La Imagen Objetivo proyectada para este programa, es que los directivos de una organización sean capaces de establecer de manera progresiva pero con resultados inmediatos o al menos en el corto plazo, las condiciones pertinentes de orientación, orden y control en su estructura y funcionamiento, a fin de que alcance un nivel de competitividad que le permita transitar de un estado actual de precaria supervivencia hacia una situación de exitosa prosperidad estable y creciente, sustentada en una capacidad real de competencia de alcance no solo local sino global.

Porque las condiciones de la globalización en el contexto contemporáneo de los negocios en general, públicos y privados, plantean nuevas exigencias que los modelos de épocas anteriores encuentran cada vez más difíciles de cubrir.

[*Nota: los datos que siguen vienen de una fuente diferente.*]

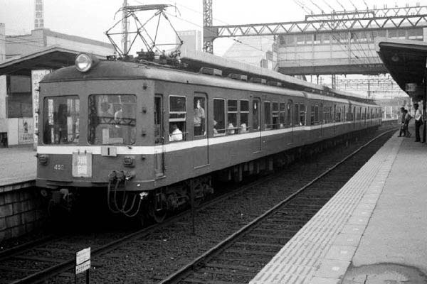 あれぇ?たしか一年半前ぐらい前の湘南フェースに同じ古カビ写真を見たはずだぞ、 なんだ、とうとう湘南フェースもネタ切れで、同じ写真の使いまわしを始めたのか? ナンテことはありませんよ。ヨォ〜ク写真見てくださいね、前にUPしたのはセミクロス 2ドアの元祖ロマンスカー500系、今回のUPは3ドアロングシート400系なんですよ。 しかし、見れ見るほどソックリ、まるで双子の兄弟みたいな両形式の車体ですね。 えっ 京急で400系と言えば正面三枚窓の旧型車じゃないのっと、思っている鉄な人 実は写真の400系、最初は600系として1953年にデビューしましたが、1965〜6年の 大改番で最初の形式を快速特急で鳴らした京急の看板車700→600系に譲りました。 500系と共に京急初の湘南フェースとして登場した400系ですが、製造は全部で32両 後から大量に製造された700系、1000系の影に隠れ、地味湘南フェースに終始して、 1986年を最後に全車リタイヤしました。 京浜急行 京浜(京急)蒲田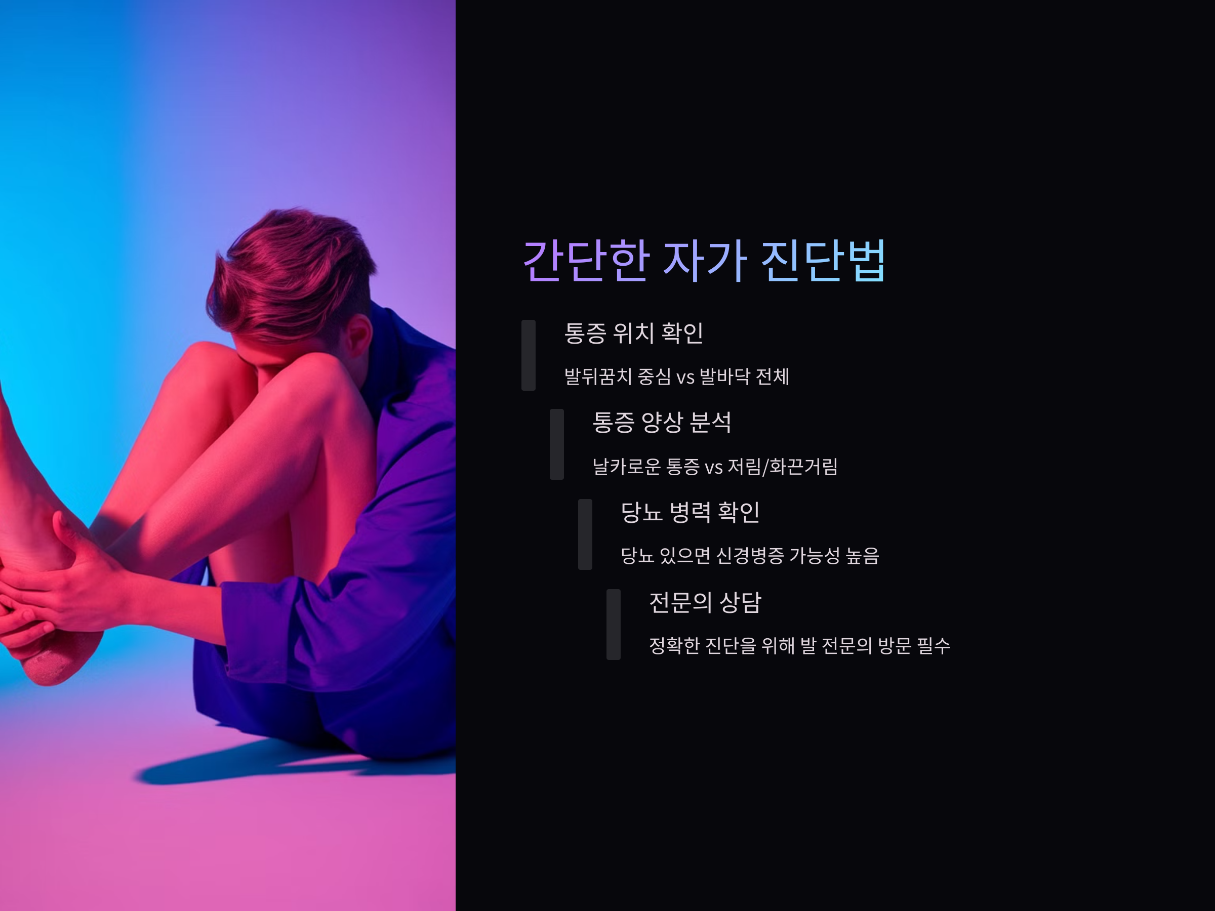 걸을 때 발바닥이 찌릿하고 화끈함 족저근막염 vs 당뇨병성 신경병증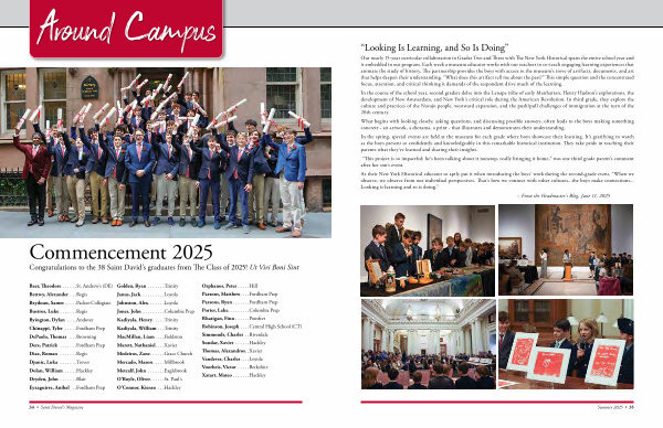 Saint David’ s School justifiably prides itself on its unique abilities to address the learning needs of boys, with a clear mission in mind. These abilities are hard earned, developed by teachers in the context of ongoing professional development. Our recent work as teachers in reflective practice builds on the TBI foundation and carries us forward. These forms of teacher learning are necessary in the context of the present and a rapidly changing future; they define the dedicated work of our clinical profession. It is important to recognize that whether we are coaching students on the soccer field, helping them to write persuasive essays or to speak Spanish fluently, our teaching is defined by modes of engagement that hold students to the highest expectations, cognitively and emotionally, asking them to practice the very qualities that are the characteristics of good men. •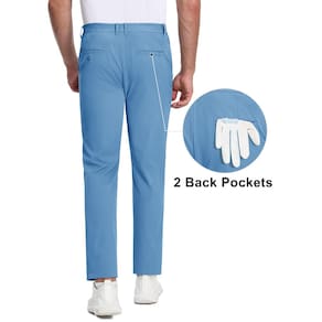 MAGCOMSEN Calça social masculina de golfe elástica, secagem rápida, resistente à água, leve, frente lisa, para trabalho, absorção de umidade, Azul claro - Absorção de umidade: As calças de golfe de secagem rápida apresentam tecnologia de absorção de umidade. Leve, respirável, sem rugas - 5 bolsos: nossas calças de golfe frontais planas incluem 2 bolsos laterais profundos, 1 bolso com zíper oculto direito para o seu telefone, 1 bolso traseiro para fácil acesso às luvas e 1 bolso traseiro com botão - Tecido elástico: as calças de golfe masculinas são feitas de tecido elástico em 4 direções para proporcionar um uso macio e confortável - Design detalhado: Cintura elástica com passadores de cinto, braguilha de zíper com fecho de botão, perna reta, melhora sua flexibilidade ao fazer um balanço perfeito - Várias ocasiões: nossas calças sociais de golfe são perfeitas para golfe, trabalho, viagens, compras, ioga. Pode ser facilmente combinada com roupas e sapatos casuais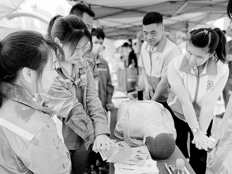 6月16日,建材控股漳州混凝土公司組織職工參加漳州市龍文區(qū)安委會舉辦的“安全生產(chǎn)月”宣傳咨詢?nèi)栈顒印D為該公司職工在學(xué)習(xí)心肺復(fù)蘇、湯姆立克法等急救技能。(韓輝 攝影報道)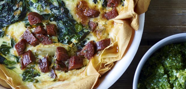 Opskrift på nem aftensmad med spinattærte og chorizo. Få den her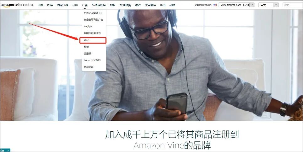 如果卖家已经进行了亚马逊品牌注册,可在卖家平台中找到广告选项中的Vine,开始使用。

Son los nuevos retos de los nuevos tiempos, que podemos pretender ignorar y sufrir las consecuencias, o prepararnos para enfrentarlos, y eventualmente superarlos. Es lo que marcará la diferencia entre vivir bajo un riesgo constante de estancarse, incluso decrecer hasta perecer ante la competencia, o llegar a prevalecer sobre ella. Una diferencia fundamental entre el fracaso o el éxito.

El que no aplique nuevos remedios debe esperar nuevos males.
Porque el tiempo es el máximo innovador.